[Opening Entries supplied section]

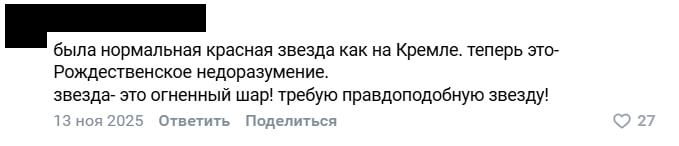 В ноябре 2025 года мужчина прокомментировал пост о городской елке в одном из местных сообществ - его возмутило новое украшение на верхушке дерева.
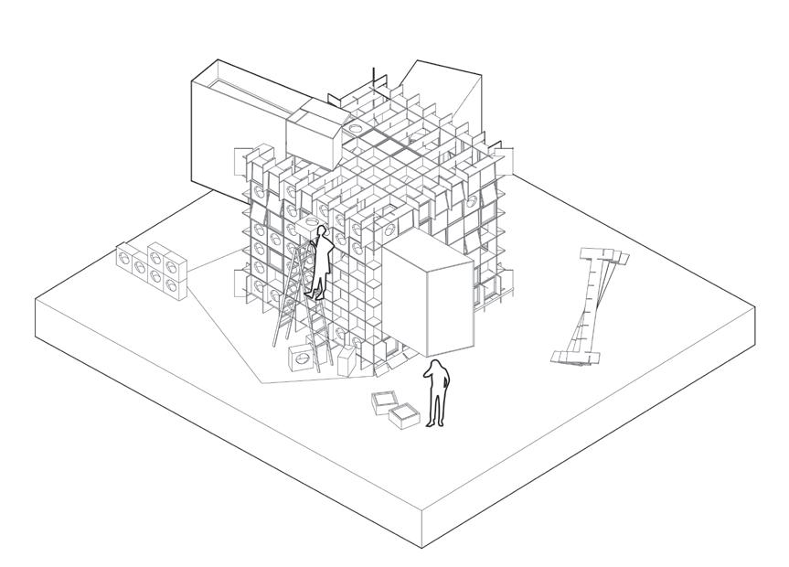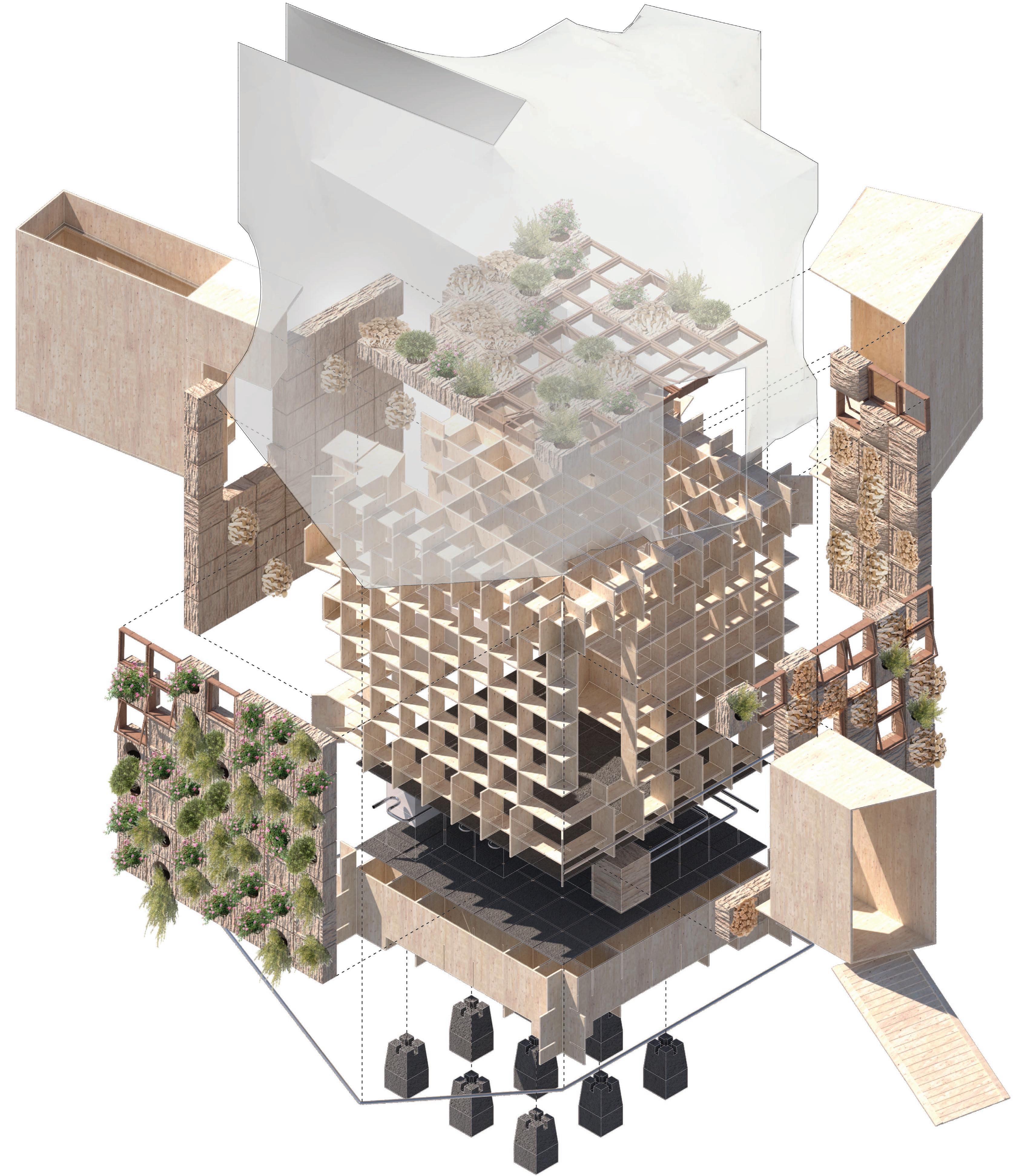 The microhome’s construction is composed of a CNC-milled construction plywood frame filled in with insulative mycelium blocks and enclosed by plastic shrinkwrap that creates a greenhouse environment. Outside of the frame, the mycelium blocks double as vegetable planters that can be maintained and interchanged based on solar orientation and agricultural season. Assembled in a sliding, eggcrate manner, the plywood waffle structure can be built efficiently and economically
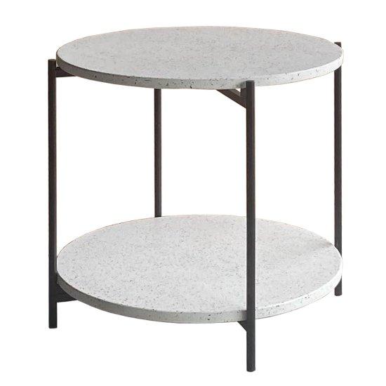 Sehpanın üst ve alt katmanları beyaz-gri tonlarında terrazzo desenli yüzeye sahiptir. İnce metalik gri çerçeve, hafif ve şık bir görünüm sergiler. Yuvarlak tasarımı, farklı mekanlara kolayca uyum sağlar.
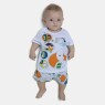 Conjunto pijama manga curta com estampa local, com detalhe em viés e fechamento em tic-tac na gola para facilitar a vestibilidade e short com estampa corrida, confeccionados em tecido meia-malha 100% algodão.
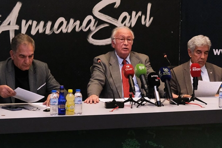 Bursaspor Başkanı Sinan Bür, Genel Sekreter Erkan Öncel ve Mali ve İdari İşlerden Sorumlu Yönetim Kurulu Üyesi Sinan Oral basın toplantısı yaptı.
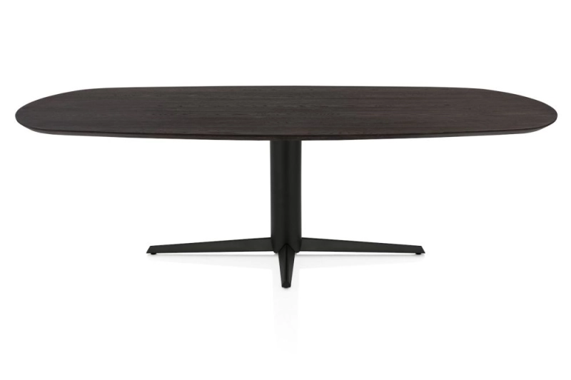 Caletta, eetkamertafel ovaal 240 x 105 cm. - eiken blad - centrale teenpoot zwart - Basalt
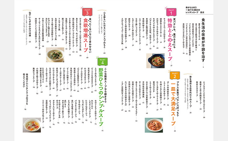 夏バテ解消、疲労回復、食欲不振のときでも食べたくなる、簡単にできて栄養満点のレンジでできるスープのレシピムックです。
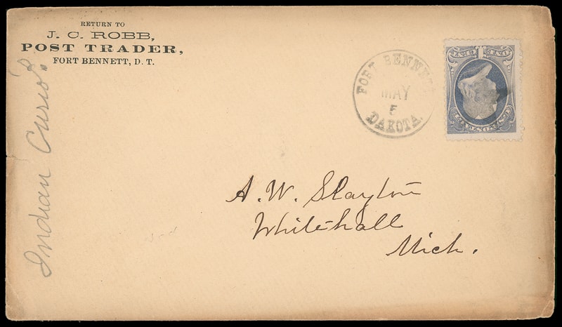 Fort Bennett, Dakota, May 5 (Dakota Territory), cds duplexed with star cancel on 1¢ gray blue (206) on unsealed J.C. Robb, Post Trader corner card cover to Whitehall Mich. at 1¢ printed matter rate, pencil "Indian Curios" docketing at left; edge toning and wear, Fine.
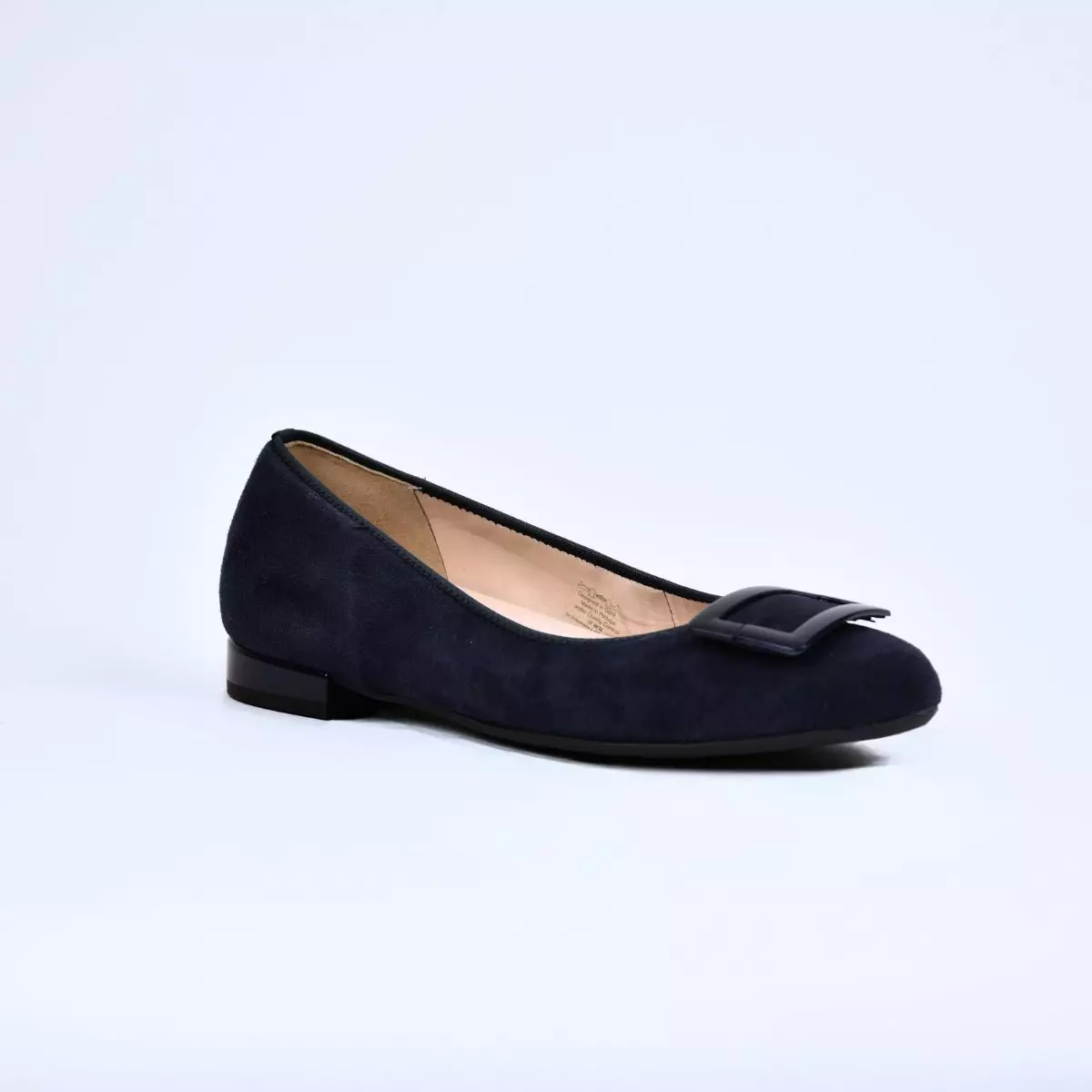 Tyylikäs ja elegantti ARA-naisten ballerina, joka hurmaa ajattomalla muotoilullaan ja erinomaisella käyttömukavuudellaan. Kengän päällinen on valmistettu pehmeästä mokkanahasta, ja syvän tummansininen sävy tuo ilmeeseen hienostunutta, rauhallista eleganssia. Tämä monikäyttöinen väri sopii täydellisesti sekä arkipukeutumiseen että siistimpiin tilaisuuksiin.
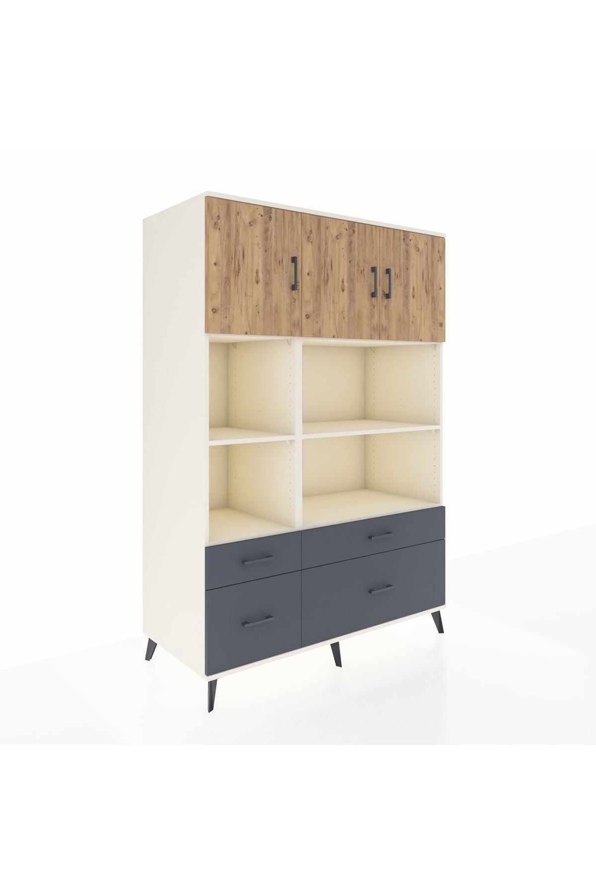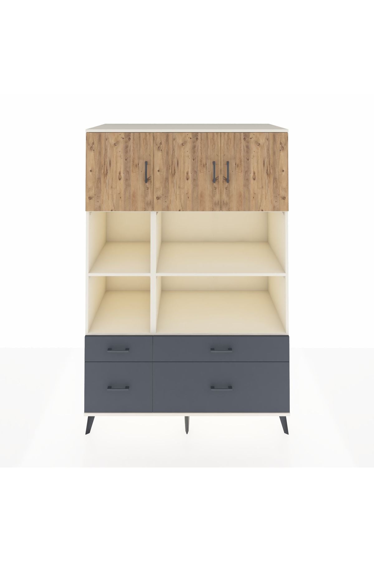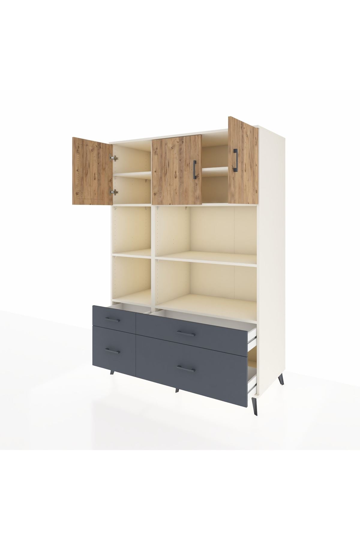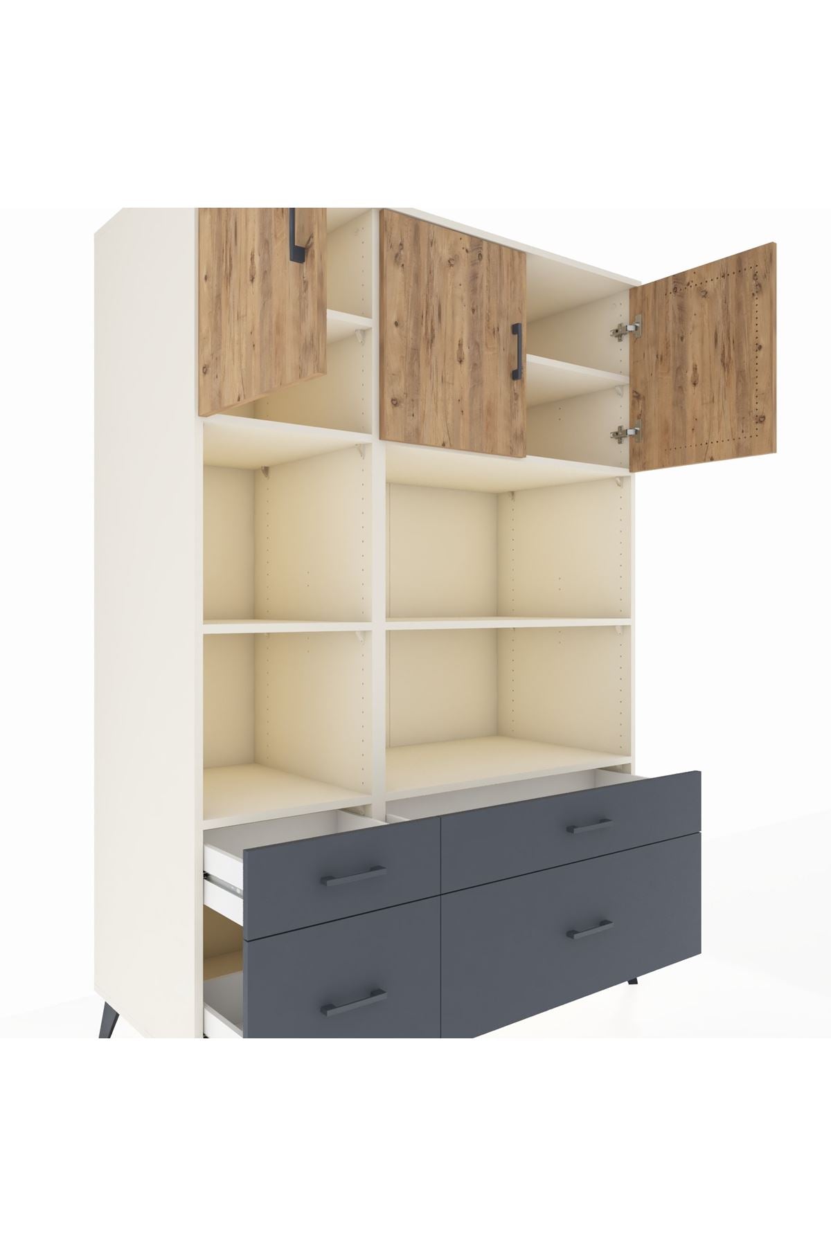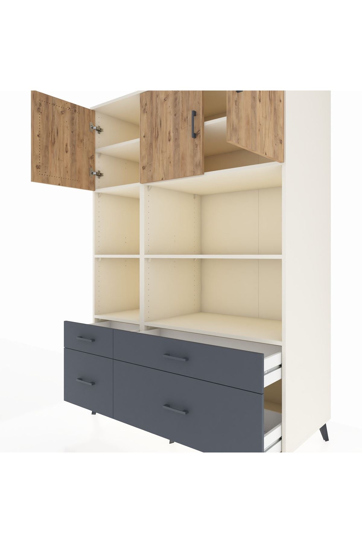 Kronos Dolap 8 Raflı 4 Çekmeceli 3 Kapaklı 132x59x195 Aytaşı-Çam/Antrasit
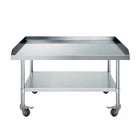 Stainless Steel Equipment Grill Stand with Adjustable Undershelf 24"x36" Heavy Duty NSF certified 18 Gauge Stainless Steel Table top Undershelf galvanized steel is fully adjustable Surface Height with casters is 29" Includes 4 Casters - 2 wheels with locking brakes One Inch is wrapped around 3 sides of the equipment stand. We can’t ship this outside the continental US item is too big
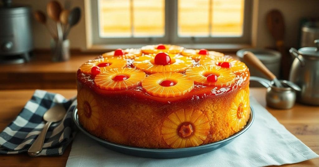 Pineapple upside-down cake has a long history, starting in the 16th and 17th centuries. Back then, pineapples were seen as a symbol of wealth. The term “upside down cake” was first used around 1870. These cakes became well-known in the mid-19th century.
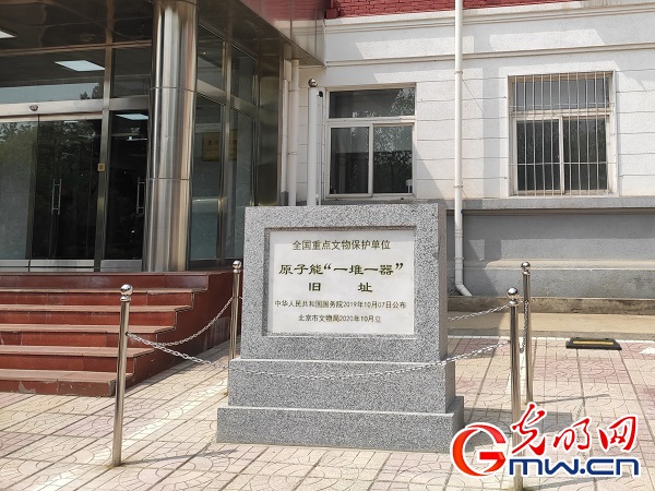 原子能院“一堆一器”舊址全國重點文物保護單位標志碑。

[Closing Entries supplied section]

Problem
Your answer must be the lines from the one holding "Stainless Steel Equipment" through the final line of the records above, exactly as written and without any pictures.

Answer for this exercise
 Stainless Steel Equipment Grill Stand with Adjustable Undershelf 24"x36" Heavy Duty NSF certified 18 Gauge Stainless Steel Table top Undershelf galvanized steel is fully adjustable Surface Height with casters is 29" Includes 4 Casters - 2 wheels with locking brakes One Inch is wrapped around 3 sides of the equipment stand. We can’t ship this outside the continental US item is too big
 Pineapple upside-down cake has a long history, starting in the 16th and 17th centuries. Back then, pineapples were seen as a symbol of wealth. The term “upside down cake” was first used around 1870. These cakes became well-known in the mid-19th century.
 原子能院“一堆一器”舊址全國重點文物保護單位標志碑。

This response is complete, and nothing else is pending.